Что такое «Сон Обломова»? (Кстати, это единственная глава в романе, имеющая название, именно: «Сон Обломова»; все остальные — лишь пронумерованы. В «Анне Карениной» точно так же: одна глава названная — «Смерть», остальные пронумерованы.)
Если бы вам не было сказано, если бы вы не были предуведомлены автором о том, что это сон, вы никогда бы об этом не догадались. Это же просто самые чистые, незамутненные воспоминания. Ничего, абсолютно ничего специфически сновидческого здесь нет и в помине, даже вот такая, например, деталь. У Достоевского сновидец после пробуждения потрясен. Это на какое-то мгновение другой человек. Тот же Раскольников после сна, в котором забивают лошадь: «Свободен, свободен!..» А здесь, после такого, тоже ведь детского сна, сентиментального, доброго, теплого — в проснувшемся Илье Ильиче ничегошеньки не изменилось, ни на секунду.
Какие, какие в сне Обломова «перескакивания через пространство и время» и через «законы бытия и рассудка»?[194] Ну конечно, каждый сон — «перескакивание». Но речь-то ведь идет у Достоевского о художественном открытии духовного значения, духовного смысла снов и о художественном изображении.
«Перескакивание через пространство и время» — не от яви к сновидениям (тут все перескакивают), а внутри самого сна, когда рассудок наяву тебе говорит: так не бывает и не может быть, а рассудок в сновидении не только ничему не удивляется, но даже принимает все это перескакивание как должное.
Сравните: как, каким, после чего и почему (если угодно, для чего) «входит» Раскольников в свой сон.
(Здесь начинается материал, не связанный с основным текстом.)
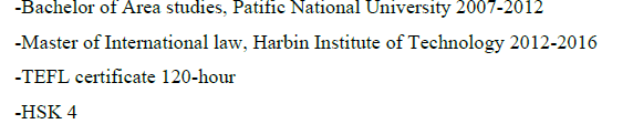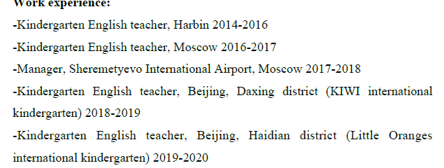 國(guó)籍: 俄羅斯       求職意向: 教師
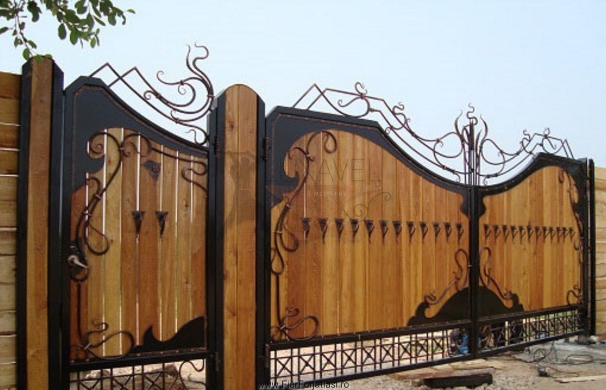 Va oferim poarta din fier forjat cu lemn model deosebit L007, realizata din fier forjat si lemn cu multa atentie si precizie pentru a putea oferi o solutie pentru calea de acces, sigura, solida, robusta si datorita elementelor decorative din fier forjat, poarta de acces capata o nota deosebita de eleganta.

Сравните, сравните: как, каким, почему, для чего «выходит» он из своего сна… Контекст, контекст, духовно-нравственный, поэтическо-художественный контекст! Попробуйте переставьте этот сон Раскольникова в другое место… А сон Обломова? Мог быть переставлен, и ничего бы не изменилось. Каким он вошел в свой сон, точно таким и вышел.
Но вот что непонятно и даже до сих пор: контекст высказываний Достоевского:
«NB. О скоротечности жизни и рассказы — поэтическое представление вроде “Сна Обломова”, о Христе».[195]